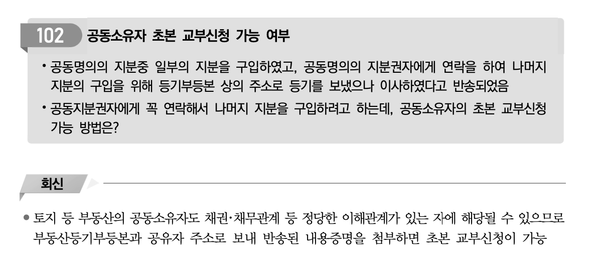 토지 등 부동산의 공동소유자도 채권・채무관계 등 정당한 이해관계가 있는 자에 해당될 수 있으므로 부동산등기부등본과 공유자 주소로 보내 반송된 내용증명을 첨부하면 초본 교부신청이 가능
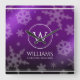 Festive Purple Foil Snowflakes Monogram Name Square Wall Clock
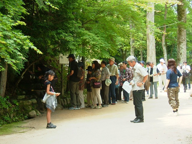 殿です。セットを購入した人はこんな風に行列して、右のようにセットに入っている「(願い)石」を洗い、願いを記したものを奉納。詳しくは解りませんが、もう一つの「(叶う)石」が「世界で唯一の自分だけの守り石」になるらしいのです。
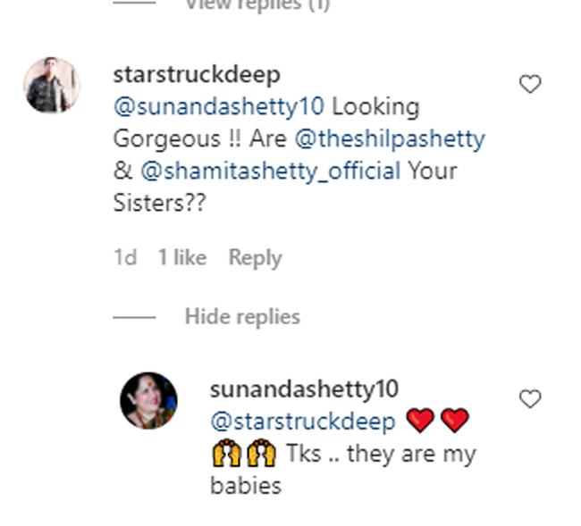 दरअसल एक फैन ने शिल्पा की मां सुनंदा की तारीफ करते हुए उनसे एक खास सवाल पूछा है. फैन ने सुनंदा शेट्टी के फोटो पर कमेंट सेक्शन में पूछा- आप गॉर्जियस लग रही हैं. क्या शिल्पा शेट्टी और शमिता शेट्टी आपकी बहनें हैं? फैन के इस सवाल पर एक्ट्रेसेस की मां सुनंदा शेट्टी ने जवाब दिया, "शुक्रिया, वो मेरी बेबीज हैं."
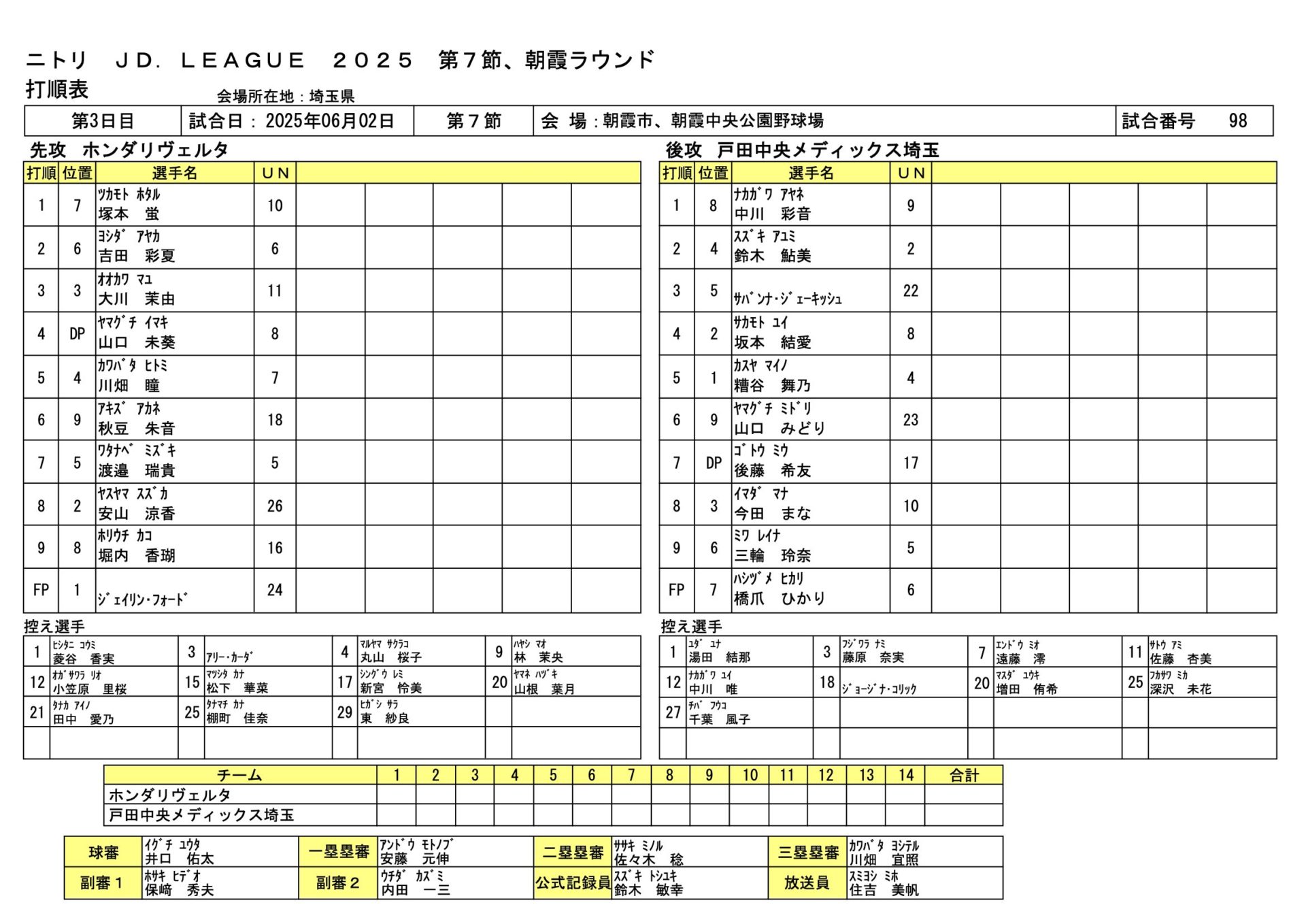 戸田中央2-1ホンダ JDL第7節朝霞ラウンド 2025.6.2 女子ソフトボール試合結果
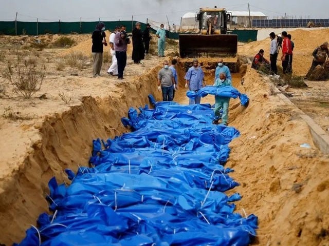 الشفا اسپتال سے ملنے والی لاشوں کی اجتماعی قبر میں تدفین کردی گئی؛ ویڈیو وائرل
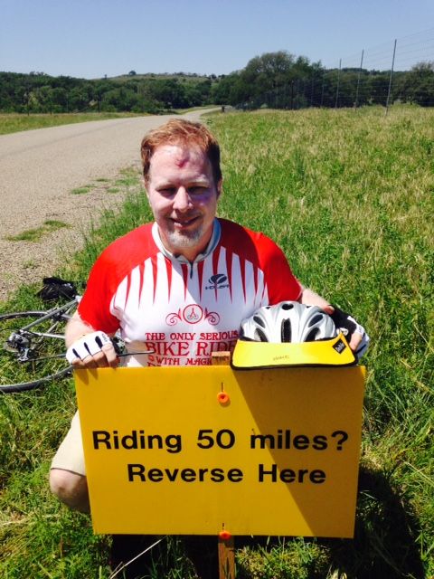 At the lunch stop, the director of the place I worked and I opted to do an extra two and a half miles down a hill and back up so we could make the final number 50. That would be my age in just under 6 months’ time. We took a picture. We looked happy, but we were also grimacing in pain. Above, it’s just me. That short but steep climb back was foreshadowing the pain yet to come on the back end of the route.
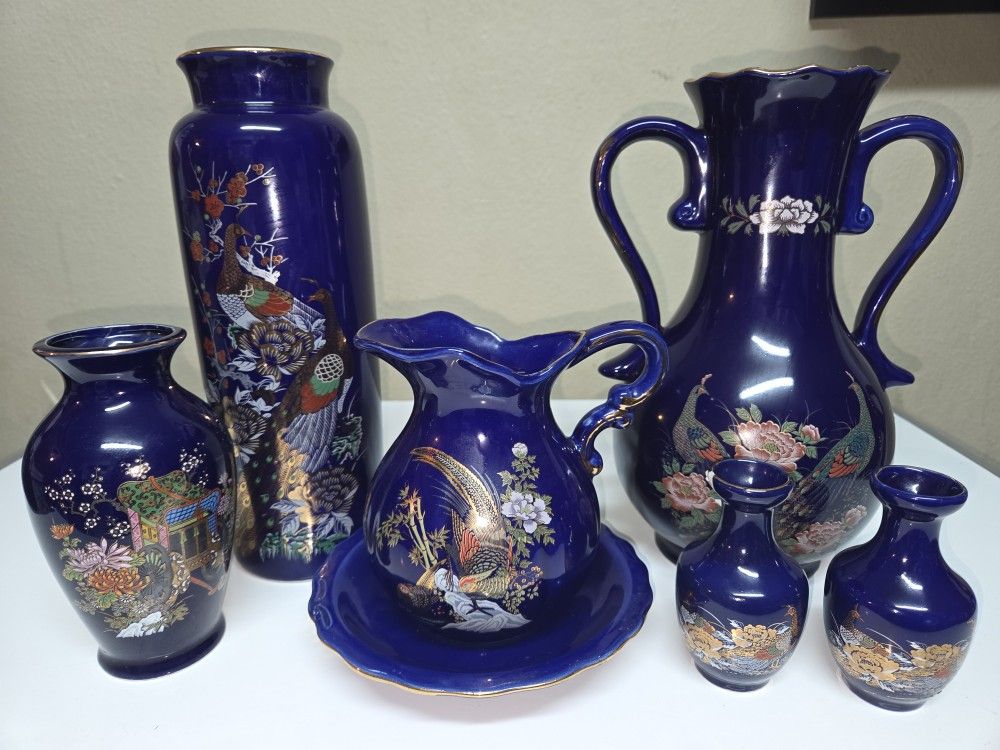 This is a collection of vintage Japanese cobalt blue porcelain vases with gilded floral and pheasant designs. 7 pieces- $80 Made in Japan, commonly produced in the mid-to-late 20th century. Features a hand-painted scene of a traditional Japanese rickshaw or carriage surrounded by flowers and foliage. The set appears to include various styles, such as bud vases, a pitcher-style vase with a handle, and taller vases. They feature a deep cobalt blue glaze and are decorated with intricate gold-gilded patterns of flowers and birds, possibly pheasants. These items are often considered collectibles and fall under the category of home decor. The vase features intricate details in enamel and gold gilt. It often stands around 10.5 to 15 inches tall.
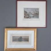 Twee prenten: 'Amsterdam, water en achterzijde der beurs', uitgegeven door G.G. Lange, 19e eeuw, 14 × 18 cm, en 'Genève', 19e/20e eeuw, 7 × 18 cm
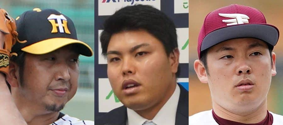 藤川球児氏、西武・平良海馬、楽天・松井裕樹(左から)【写真:荒川祐史、宮脇広久】
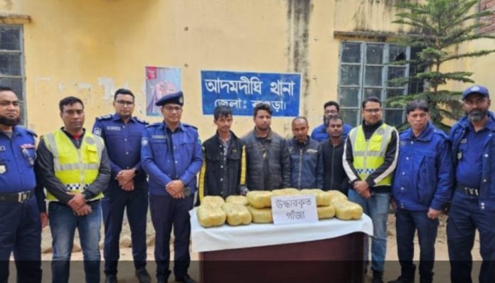 বগুড়ার আদমদীঘিতে পুলিশের বিশেষ অভিযানে ৩১ কেজি গাঁজাসহ চার মাদক কারবারিকে গ্রেপ্তার করা হয়েছে। বৃহস্পতিবার (৩০ জানুয়ারি ২০২৫) দুপুরে মাদকদ্রব্য নিয়ন্ত্রণ আইনে তাদের বিরুদ্ধে মামলা দায়ের করা হয়েছে।
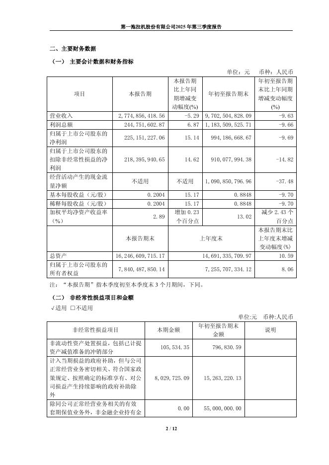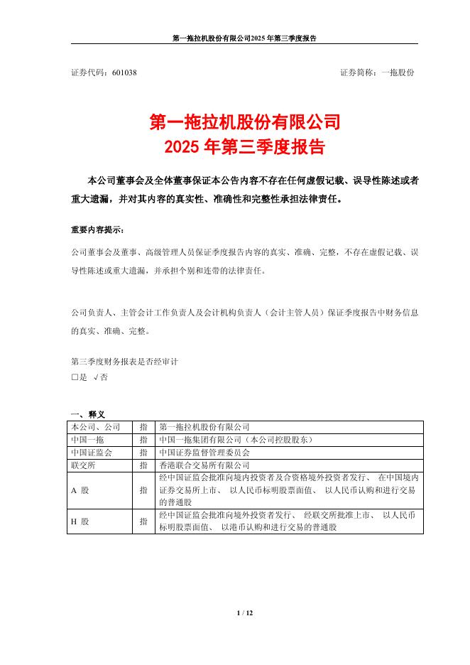 601038-一拖股份:一拖股份2025年第三季度报告.pdf
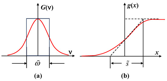 Equation (22) has a clear geometric meaning: if the height of a rectangle is equal to G(0) and the area is the same as the area under the curve G(ν), its width is called “equivalent bandwidth”; see Figure 5a. The reciprocal of the slope of the object image’s light intensity curve at the object’s edge is called the “equivalent line width”; see Figure 5b. The equivalent bandwidth and equivalent linewidth can be expressed as follows:
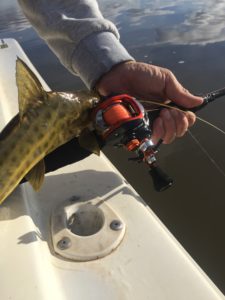 El Fish Hawk es un reel de perfil bajo o “galletita”, muy liviano, ágil y con una manija de fuerza que facilita hacer este tipo de pesca pesada con mejor esfuerzo.
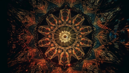 Symmetrical mandala in bright multi colored abstract pattern exudes elegance and creativity generated by artificial intelligence
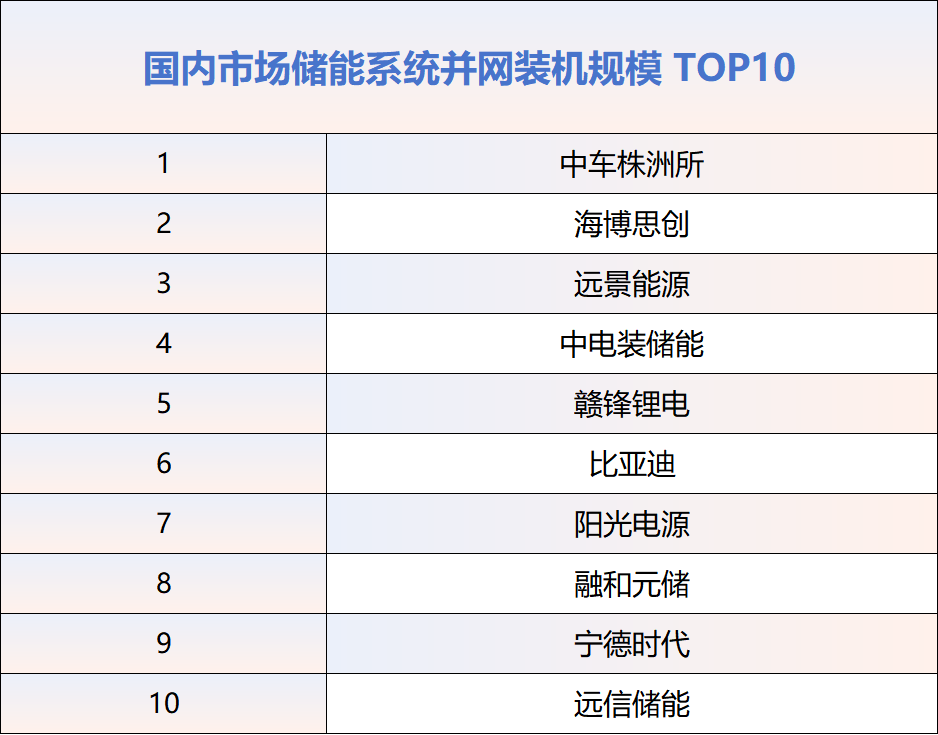 2025年度国内市场储能系统并网装机规模TOP10中国企业,依次为:中车株洲所、海博思创、远景能源、中电装储能、赣锋锂电、比亚迪、阳光电源、融和元储、宁德时代、远信储能。与2024年对比,中车株洲所与海博思创保持前二。远景能源排名从第五升至第三,阳光电源排名从第三下滑至第七。电工时代、新源智储、金风零碳、采日能源跌出榜单,中电装储能、赣锋锂电、宁德时代、远信储能新晋入榜。
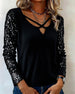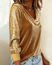 SPECIFICATIONS Top Type: Tops Style: Casual Material: Cotton Blends Occasion: Daily Neckline: V neck_V Pattern Type: Sequin Sleeve Type: Regular sleeve Sleeve Length: Long Sleeve Fit Type: Regular Season: Fall,Winter Package Includes: 1 x Top SIZE TABLE Size Bust Length CM INCH CM INCH S 97 38.19 65 25.59 M 101 39.76 66.5 26.1...
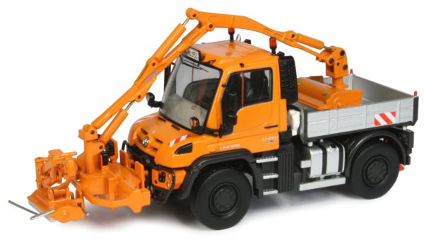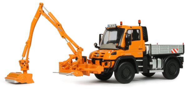 Presented here is the Mercedes Benz Unimog U430 with a Mulag MKM700 combination mower in 1:50th scale from NZG. The Mulag MKM 700 combination mower is the perfect companion for the 400 series Unimog, powered from the vehicle’s front PTO and capable of mowing verges at the sides of highways with the boom mounted cutter head and low mounted verge cutter.
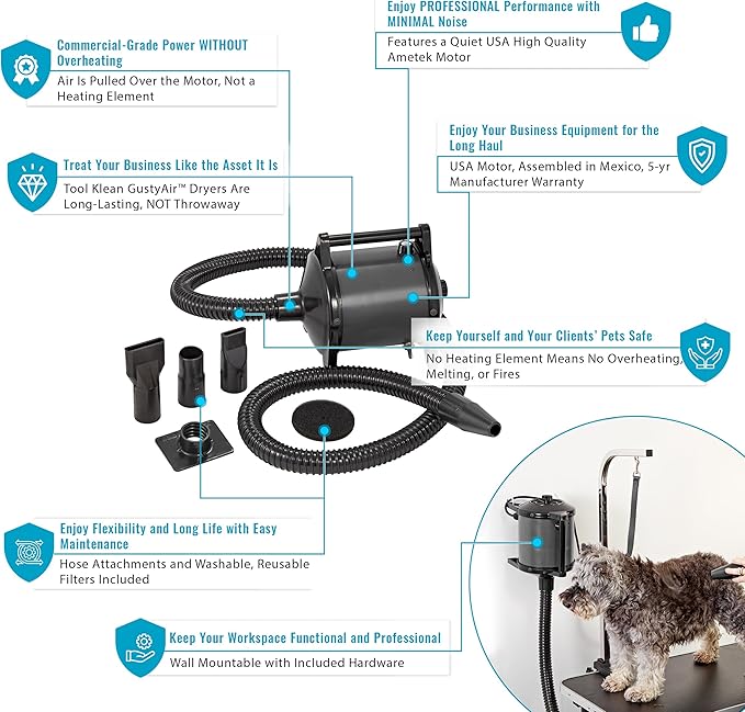- ⚡【Enjoy Commercial-Grade Grooming Versatility】All GustyAir dryers are wall mountable and include reusable filters and several blower attachments. Choose the Pro Air II for maximum power and speed variability, without overheating, with its dual, individually controlled motors. Choose the Pro Air for commercial-grade power and durability at a moderate price-point. Or choose the GustyAir Mini as a great budget-conscious professional option for beginning groomers and small space businesses.

-------

AIM OF THE TASK: Retype word for word all the material given above, and keep the pictures out.

RESULT OF THIS TASK:
 토지 등 부동산의 공동소유자도 채권・채무관계 등 정당한 이해관계가 있는 자에 해당될 수 있으므로 부동산등기부등본과 공유자 주소로 보내 반송된 내용증명을 첨부하면 초본 교부신청이 가능
 Festive Purple Foil Snowflakes Monogram Name Square Wall Clock
 殿です。セットを購入した人はこんな風に行列して、右のようにセットに入っている「(願い)石」を洗い、願いを記したものを奉納。詳しくは解りませんが、もう一つの「(叶う)石」が「世界で唯一の自分だけの守り石」になるらしいのです。
 दरअसल एक फैन ने शिल्पा की मां सुनंदा की तारीफ करते हुए उनसे एक खास सवाल पूछा है. फैन ने सुनंदा शेट्टी के फोटो पर कमेंट सेक्शन में पूछा- आप गॉर्जियस लग रही हैं. क्या शिल्पा शेट्टी और शमिता शेट्टी आपकी बहनें हैं? फैन के इस सवाल पर एक्ट्रेसेस की मां सुनंदा शेट्टी ने जवाब दिया, "शुक्रिया, वो मेरी बेबीज हैं."
 戸田中央2-1ホンダ JDL第7節朝霞ラウンド 2025.6.2 女子ソフトボール試合結果
 الشفا اسپتال سے ملنے والی لاشوں کی اجتماعی قبر میں تدفین کردی گئی؛ ویڈیو وائرل
 At the lunch stop, the director of the place I worked and I opted to do an extra two and a half miles down a hill and back up so we could make the final number 50. That would be my age in just under 6 months’ time. We took a picture. We looked happy, but we were also grimacing in pain. Above, it’s just me. That short but steep climb back was foreshadowing the pain yet to come on the back end of the route.
 This is a collection of vintage Japanese cobalt blue porcelain vases with gilded floral and pheasant designs. 7 pieces- $80 Made in Japan, commonly produced in the mid-to-late 20th century. Features a hand-painted scene of a traditional Japanese rickshaw or carriage surrounded by flowers and foliage. The set appears to include various styles, such as bud vases, a pitcher-style vase with a handle, and taller vases. They feature a deep cobalt blue glaze and are decorated with intricate gold-gilded patterns of flowers and birds, possibly pheasants. These items are often considered collectibles and fall under the category of home decor. The vase features intricate details in enamel and gold gilt. It often stands around 10.5 to 15 inches tall.
 Twee prenten: 'Amsterdam, water en achterzijde der beurs', uitgegeven door G.G. Lange, 19e eeuw, 14 × 18 cm, en 'Genève', 19e/20e eeuw, 7 × 18 cm
 藤川球児氏、西武・平良海馬、楽天・松井裕樹(左から)【写真:荒川祐史、宮脇広久】
 বগুড়ার আদমদীঘিতে পুলিশের বিশেষ অভিযানে ৩১ কেজি গাঁজাসহ চার মাদক কারবারিকে গ্রেপ্তার করা হয়েছে। বৃহস্পতিবার (৩০ জানুয়ারি ২০২৫) দুপুরে মাদকদ্রব্য নিয়ন্ত্রণ আইনে তাদের বিরুদ্ধে মামলা দায়ের করা হয়েছে।
 601038-一拖股份:一拖股份2025年第三季度报告.pdf
 Equation (22) has a clear geometric meaning: if the height of a rectangle is equal to G(0) and the area is the same as the area under the curve G(ν), its width is called “equivalent bandwidth”; see Figure 5a. The reciprocal of the slope of the object image’s light intensity curve at the object’s edge is called the “equivalent line width”; see Figure 5b. The equivalent bandwidth and equivalent linewidth can be expressed as follows:
 El Fish Hawk es un reel de perfil bajo o “galletita”, muy liviano, ágil y con una manija de fuerza que facilita hacer este tipo de pesca pesada con mejor esfuerzo.
 Symmetrical mandala in bright multi colored abstract pattern exudes elegance and creativity generated by artificial intelligence
 2025年度国内市场储能系统并网装机规模TOP10中国企业,依次为:中车株洲所、海博思创、远景能源、中电装储能、赣锋锂电、比亚迪、阳光电源、融和元储、宁德时代、远信储能。与2024年对比,中车株洲所与海博思创保持前二。远景能源排名从第五升至第三,阳光电源排名从第三下滑至第七。电工时代、新源智储、金风零碳、采日能源跌出榜单,中电装储能、赣锋锂电、宁德时代、远信储能新晋入榜。
 SPECIFICATIONS Top Type: Tops Style: Casual Material: Cotton Blends Occasion: Daily Neckline: V neck_V Pattern Type: Sequin Sleeve Type: Regular sleeve Sleeve Length: Long Sleeve Fit Type: Regular Season: Fall,Winter Package Includes: 1 x Top SIZE TABLE Size Bust Length CM INCH CM INCH S 97 38.19 65 25.59 M 101 39.76 66.5 26.1...
 Presented here is the Mercedes Benz Unimog U430 with a Mulag MKM700 combination mower in 1:50th scale from NZG. The Mulag MKM 700 combination mower is the perfect companion for the 400 series Unimog, powered from the vehicle’s front PTO and capable of mowing verges at the sides of highways with the boom mounted cutter head and low mounted verge cutter.
- ⚡【Enjoy Commercial-Grade Grooming Versatility】All GustyAir dryers are wall mountable and include reusable filters and several blower attachments. Choose the Pro Air II for maximum power and speed variability, without overheating, with its dual, individually controlled motors. Choose the Pro Air for commercial-grade power and durability at a moderate price-point. Or choose the GustyAir Mini as a great budget-conscious professional option for beginning groomers and small space businesses.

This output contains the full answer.